There will be “no winners” if unions press ahead with industrial action in the North Sea, the new boss of the oil and gas industry’s trade body warned yesterday.
Deirdre Michie, who has taken over as chief executive of Oil & Gas UK, said over 5,000 jobs had been lost in the North Sea – mainly onshore jobs – with “more to come”.
But she added while the North Sea was mature and had produced over 43 billion barrels of oil, the body believes that there remains “still half again to go for” in the region if operators and the wider supply chain slim costs and the government provides more fiscal support.
“It is a significant prize and worth the effort,” she insisted.
Speaking at her first press conference as head of the body in Aberdeen yesterday, Ms Michie said operating costs had doubled in the last five years to $30 a barrel on average, and the industry would need to bring these down to $20 to remain competitive.
She said overall North Sea production efficiency had dropped from 80% to 60% – but that moves made by operators had seen this edge back up towards 65% in recent months.
“The drop in the oil price has only served to undermine the industry further but it has helped to bring these issues into sharp focus,” she said.
Her tenure of the industry body has taken place as talks between employers group the Offshore Contractors Association (OCA) and unions fell apart last week. Unions have vowed to press ahead with a ballot of its members on strike action after they failed to come to an agreement on rota changes and working practices.
Ms Michie said that with industrial action “looming on the horizon” that the two sides had to pull together.
“There will be no winners if we move to industrial action,” she said.
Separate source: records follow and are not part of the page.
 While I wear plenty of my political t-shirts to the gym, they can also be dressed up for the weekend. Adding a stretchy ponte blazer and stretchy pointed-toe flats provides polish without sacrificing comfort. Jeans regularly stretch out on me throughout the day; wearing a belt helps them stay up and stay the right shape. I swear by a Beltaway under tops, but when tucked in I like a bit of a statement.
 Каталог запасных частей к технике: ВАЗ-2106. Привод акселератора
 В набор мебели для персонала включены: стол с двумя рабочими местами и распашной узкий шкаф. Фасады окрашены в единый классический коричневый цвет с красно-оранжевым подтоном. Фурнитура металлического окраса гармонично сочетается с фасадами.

“It is something we must avoid where ever we can, because we have to ensure our focus remains relentlessly on improving the cost efficiency of what we are doing.”
Ms Michie, who took over the role from Malcolm Webb at the start of the month, said the group will press the Conservative government for more fiscal support as it prepares its first budget in July.
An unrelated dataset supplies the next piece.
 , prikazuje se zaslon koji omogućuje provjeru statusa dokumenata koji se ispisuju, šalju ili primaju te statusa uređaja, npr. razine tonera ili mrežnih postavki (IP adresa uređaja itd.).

She noted that before the last government had introduced oil and gas tax reductions the North Sea had suffered the “highest tax rates in the world”.
“The industry really welcomed the previous UK government’s fiscal changes with the investment allowance and the reduction of the overall headline rate – although it is still a lot higher than the other UK business sectors that pay corporate tax around 20%,” she said.
She said Oil & Gas UK will aim to propose further investment allowances, a reduction on tax around infrastructure, as well as more tax breaks to encourage exploration which has hit significant lows in recent years.
“There’s more opportunity for developing investment allowance to cover capital expenditure. We also want to do a bit more work around the tax, as well as more tax breaks on infrastructure, which is highly taxed at the moment.
“As well we look to see what levers can be played in the exploration space.
“Exploration is key to the longevity of this industry and is certainly on our agenda.”